*PROBLEM REQUIREMENTS*
Begin at the line below that holds "Концерт активно освещали" and end at the line that holds "하고 있다. 2014.07.22.", transcribing each line exactly and skipping any picture.

=== Section Start ===

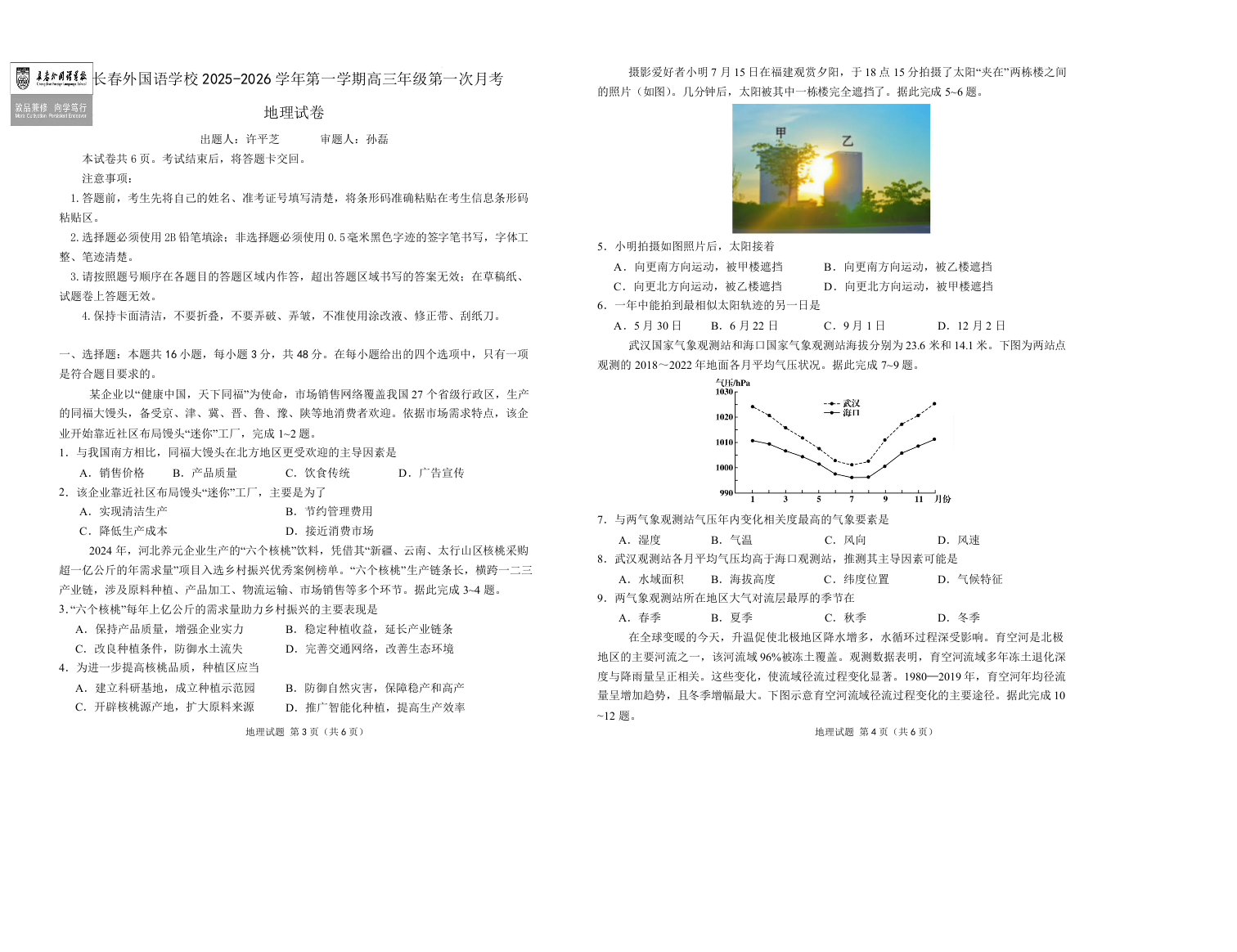 吉林省长春外国语学校2026届高三上学期10月月考 地理试题(含答案).docx
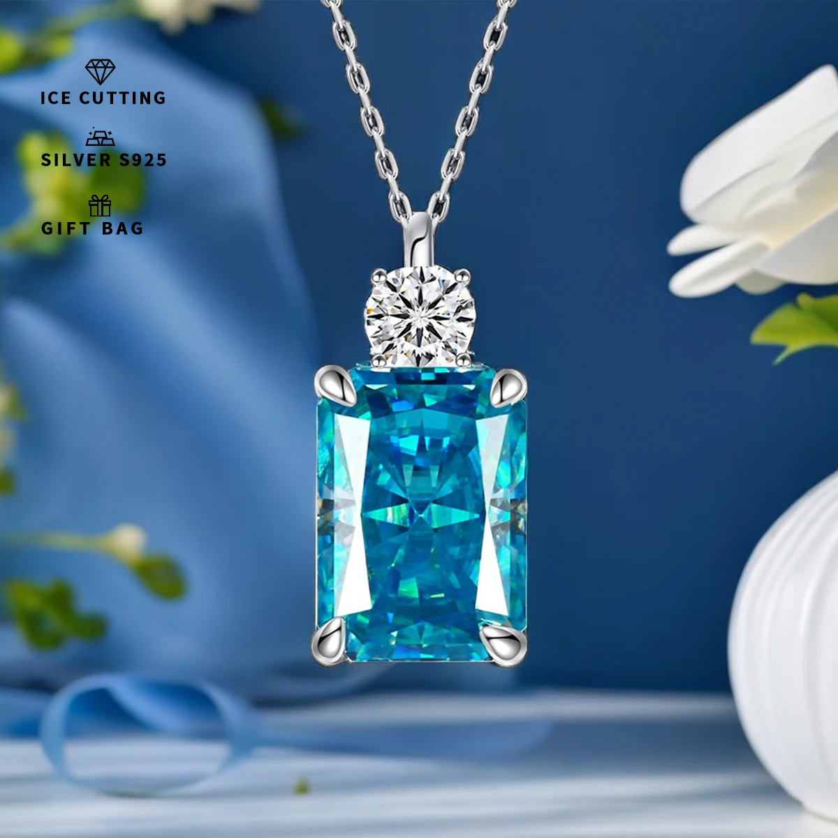 S925 sterling silver Rectangular Ice Cut zircon High-carbon diamond topaz blue necklace,pendant neck...
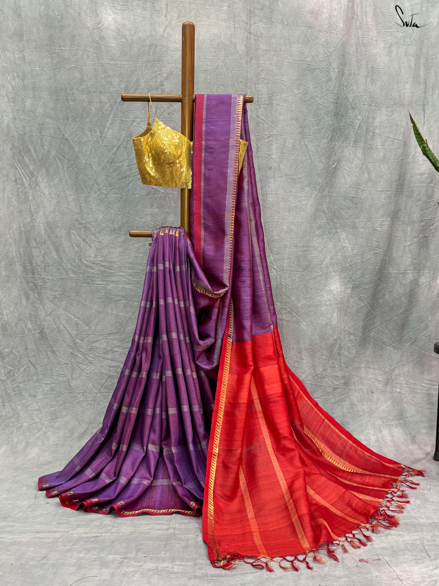 Wear a piece of elegance with this Tussar silk saree with cutwork patchwork designs that make for a gorgeous, spotlight-ready drape!
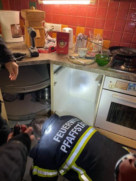 Ein Teil der Küche wurde zerlegt und der Kater herausgezogen um dem Besitzer übergeben. Wir waren für 1 Stunde mit 15 Mitglieder, KDO, Tank 1 und Rlfa im Einsatz.
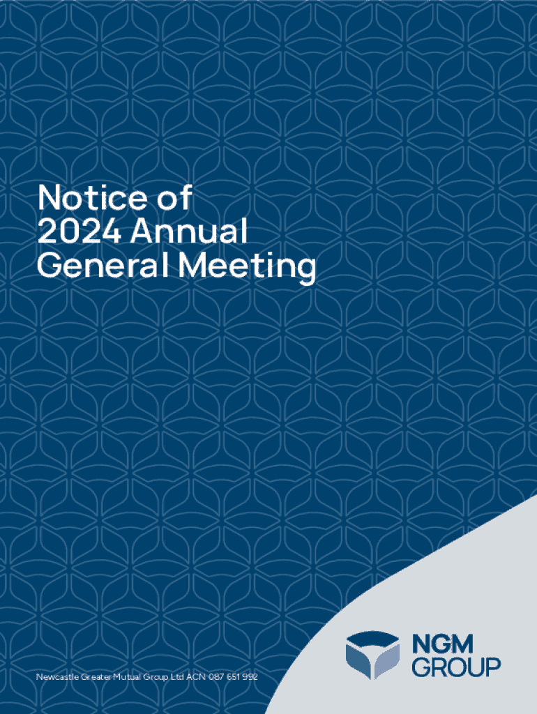Notice of 2024 Annual General MeetingNewcastle Greater Mutual Group Ltd ACN 087 651 992 1Notice of Meeting Notice is given that the 2024 Annual General Meeting (AGM) of Newcastle Greater Mutual Group
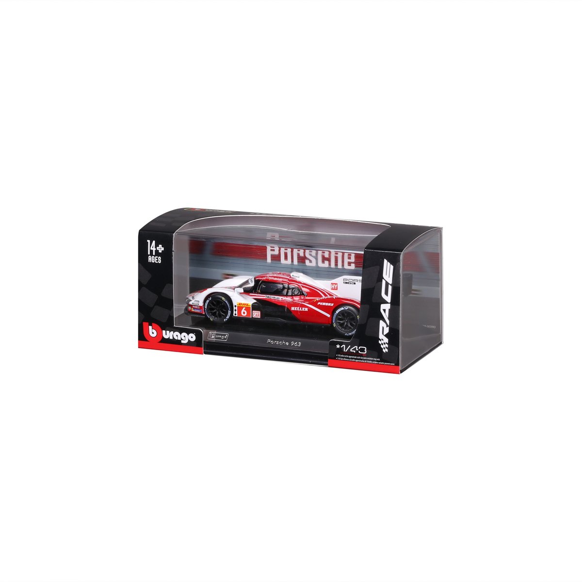 Bburago - RACE, Porsche 963 v dekorativním boxu, bílá-červená, 1:43
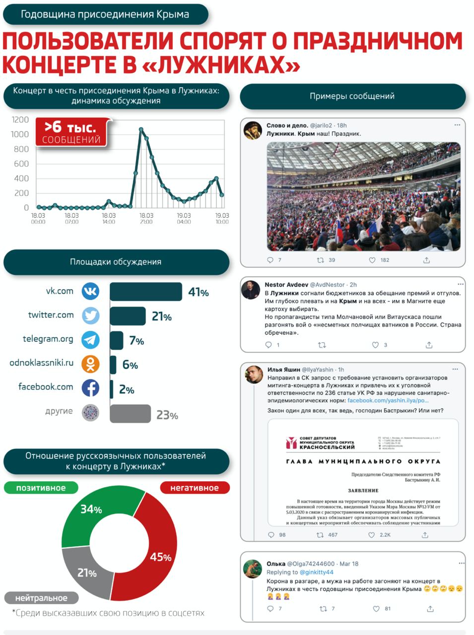 Концерт активно освещали СМИ и обсуждали пользователи соцсетей. За день было опубликовано почти 5 тысяч сообщений. Публикации СМИ имели в основном нейтральный или позитивный характер, а вот тональность постов и комментариев пользователей отличалась большим разнообразием. Часть аудитории выразила радость по поводу годовщины, концерта и выступления на нем Путина.
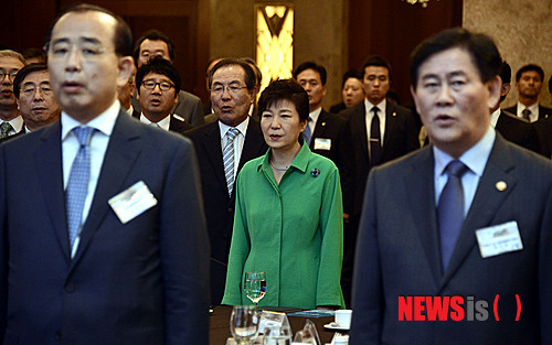 【서울=뉴시스】홍찬선 기자 = 박근혜 대통령이 22일 오후 서울 중구 소공동 롯데호텔에서 열린 한국중견기업연합회 출범식에 참석해 인사들과 애국가 제창을 하고 있다. 2014.07.22.
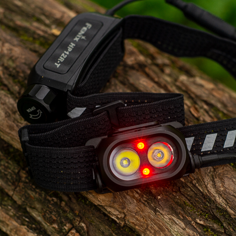 Novost je trkačka čeona svjetiljka Fenix HP12R-T, a od ostalih modela na bateriju 18650 razlikuje je odvojeno kućište za bateriju smješteno na potiljku. Ukupno čeona svjetiljka teži gotovo 200 grama, ali zahvaljujući savršenom rasporedu težine, to je odlična mogućnost da si priuštite veću bateriju i nemate problema da bi veća težina na čelu smetala. Još jedna prednost je crvena bljeskalica / svjetlo na baterijskom paketu. Savršeno povećava sigurnost pri trčanju na prometnicama i ne trebate dodatnu bljeskalicu, odnosno u kombinaciji s još jednom bljeskalicom bit ćete još bolje vidljivi drugim sudionicima u prometu (posebno vozačima automobila koji vam se približavaju s leđa). Visoka snaga do 1300 lumena s dometom do 200 metara pak jamči da ćete u svakoj situaciji i vi vidjeti. Osim dodatnog crvenog svjetla sprijeda i straga, čeona svjetiljka je opremljena s dva reflektora s dnevnom bijelom i s neutralnom nijansom svjetla. Oba reflektora možete kombinirati i upaliti istovremeno u načinima od 1300 i 70 lumena (turbo i niski način rada). Samostalno svijetli hladniji reflektor do 1000 lumena, a toplije svjetlo postiže maksimalnu snagu od 500 lumena, iako ima nešto uži svjetlosni snop i pri istoj snazi također duži domet od hladnijeg svjetla. Što je kod Fenixa prilično neobična konfiguracija, ali za trčanje i druge sportske aktivnosti ovo rješenje je sasvim zadovoljavajuće i dodaje mogućnost daljnjeg izbora što kome odgovara. Udobnost nošenja povećava udoban perforirani remen sa zatezanjem i otpuštanjem kotačićem, kako uostalom sugerira i '-T' (trail) u nazivu. IP66 je kod HP serije podrazumijevan, kao i visoka otpornost kao kod svih Fenix proizvoda.
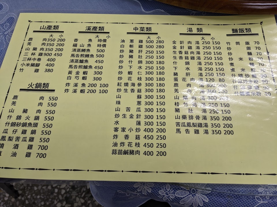 溪蝦最好吃,珠蔥不錯,過貓也不錯,桂竹筍稍鹹,山豬肉走沙茶風真的吃不懂

=== Section End ===

*WRITTEN REPLY*
 Концерт активно освещали СМИ и обсуждали пользователи соцсетей. За день было опубликовано почти 5 тысяч сообщений. Публикации СМИ имели в основном нейтральный или позитивный характер, а вот тональность постов и комментариев пользователей отличалась большим разнообразием. Часть аудитории выразила радость по поводу годовщины, концерта и выступления на нем Путина.
 【서울=뉴시스】홍찬선 기자 = 박근혜 대통령이 22일 오후 서울 중구 소공동 롯데호텔에서 열린 한국중견기업연합회 출범식에 참석해 인사들과 애국가 제창을 하고 있다. 2014.07.22.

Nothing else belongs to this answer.